Koizumi boosted by Japanese poll results
Reviewed By Hitoshi URABE
"Koizumi boosted by Japanese poll results"
(by Mariko Sanchanta) Financial Times
It was supposed to be a test, to measure the level of support for Mr Koizumi and his government as the by-election was the first opportunity for the people to be polled at a national level.
On October 26, seven new parliamentary members were chosen from each of seven constituencies, five for the House of Representatives and two for the House of Councilors. Of the seven elected, none belonged to a political party in a technical sense, although most were supported by one or a coalition of parties. In fact, out of the elected seven, one was backed by the opposition, one was totally independent, and the remaining five were supported by the ruling coalition led by Mr Koizumi's Liberal Democratic Party.
Is it, then, a victory for Mr Koizumi so that he could pursue his policies with vigor? To the extent the opposition has experienced a brutal defeat, yes. But there are twists to that.

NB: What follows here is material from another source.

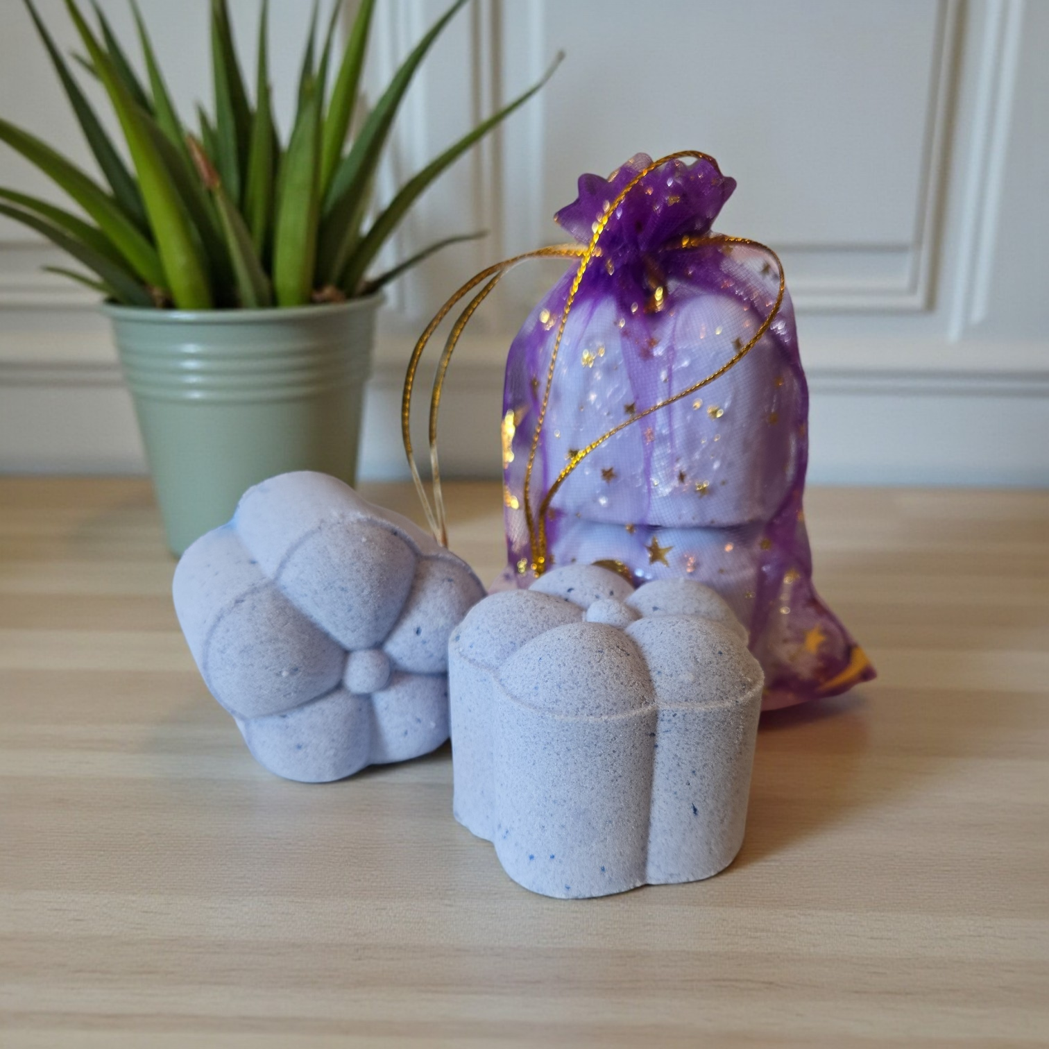 Our shower steamers come to you shrink wrapped with organza bags. Menthol makes everything tingly, please wash your hands after handling the shower steamers and their bags.

The problem some analysts find with the results of this by-election is that in all of the seven constituencies, record lows were marked for the turnout rate. The drops were in the ranges of 10 to almost 30 percent compared to the previous elections, and the lowest among them, Chiba prefecture, registered the turnout rate of 24.14%, which means less than one out of four people eligible to vote showed up.
Some interpret this as a result of confusion among voters on the apparent split in opinions between Mr Koizumi and the LDP, which is supposed to support the Prime Minister. It has come into focus recently that the confrontation between the senior LDP officials and Mr Takenaka, the Financial Services Minister who is backed by Mr Koizumi, has become so intense that Mr Takenaka had to abandon publicizing his plans to reform the financial services sector.

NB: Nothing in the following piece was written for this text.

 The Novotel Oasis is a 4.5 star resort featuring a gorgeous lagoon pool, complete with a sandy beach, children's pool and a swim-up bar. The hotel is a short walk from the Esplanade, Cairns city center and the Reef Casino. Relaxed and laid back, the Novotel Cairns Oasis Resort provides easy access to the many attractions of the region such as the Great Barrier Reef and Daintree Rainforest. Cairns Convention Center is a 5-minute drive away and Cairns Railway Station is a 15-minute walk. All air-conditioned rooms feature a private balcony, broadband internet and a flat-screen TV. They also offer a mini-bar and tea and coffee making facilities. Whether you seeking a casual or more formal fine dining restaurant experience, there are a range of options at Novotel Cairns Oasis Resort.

The voters could not be certain as to whether voting for a candidate supported by LDP would in fact be endorsing Mr Koizumi or be siding with the LDP officials who challenge his policies.
Another, more grave interpretation, is the people's apathy toward politics in general. It has been a while since the turnout rate for not only national but also for regional elections began sliding, where figures such as 70% were often seen thirty years ago, it is almost rare to see anything more than 50% in recent years.

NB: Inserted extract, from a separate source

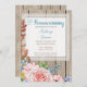 Une charmante invitation à la maison rustique avec un joli bouquet fleuri sur un arrière - plan en bois avec cadre en dentelle blanche.

Some critics have alarmed that this is endangering democracy, and are suggesting various methods to beef up the turnout rate. Some propose fines to be charged to those no-shows, as such rules are implemented in certain countries such as Australia and a number of European countries.
There are in fact arguments as to whether a turnout rate is such an important factor. But it is vaguely recognized that there could be something wrong with the system when the number gets very low. It is easy to cast the cause to the politicians for making politics boring, but perhaps it is about time for the people to remind themselves that it is they who have the obligation to maintain democracy, if so desired.